It’s surprisingly easy to clone a voice using F5-TTS: “A Fairytaler that Fakes Fluent and Faithful Speech with Flow Matching”.
Here’s a clip of me, saying:
I think Taylor Swift is the best singer. I’ve attended every one of her concerts and in fact, I’ve even proposed to her once. Don’t tell anyone.
(Which is ironic since I didn’t know who she was until this year and I still haven’t seen or heard her.)
You’ll notice that my voice is a bit monotic. That’s because I trained it on a segment of my talk that’s monotonic.
Here’s the code. You can run this on Google Colab for free.
A few things to keep in mind when preparing the audio.

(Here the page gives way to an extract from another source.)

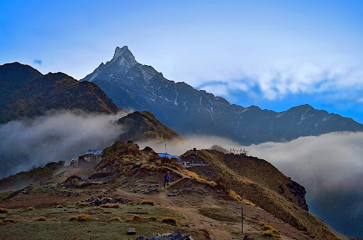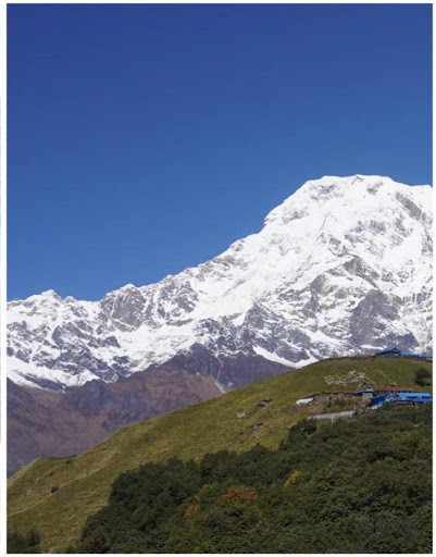 Elevation: 5,587 m; Annapurna region ranges from 1,000–8,000 m. Features forested ridges, alpine meadows, and rocky slopes below Machhapuchhre. Connected by trails to Machhapuchhre Base Camp, with views of Annapurna I and Hiunchuli. Moderately challenging terrain, suitable for trekkers with basic fitness.

- Keep the input to just under 15 seconds. That’s the optimal length
- For expressive output, use an input with a broad range of voice emotions
- When using unusual words (e.g. LLM), including the word in your sample helps
- Transcribe
input.txt
manually to get it right, though Whisper is fine to clone in bulk. (But then, who are you and what are you doing?) - Sometimes, each chunk of audio generated has a second of audio from the original interspersed. I don’t know why. Maybe a second of silence at the end helps
- Keep punctuation simple in the generated text. For example, avoid hyphens like “This is obvious – don’t try it.” Use “This is obvious, don’t try it.” instead.
This has a number of uses I can think of (er… ChatGPT can think of), but the ones I find most interesting are:
- Author-narrated audio books. I’m sure this is coming soon, if it’s not already there.
- Personalized IVR. Why should my IVR speak in some other robot’s voice? Let’s use mine. (This has some prank potential.)
- Annotated presentations. I’m too lazy to speak. Typing is easier. This lets me create, for example, slide decks with my voice, but with editing made super-easy. I just change the text and the audio changes.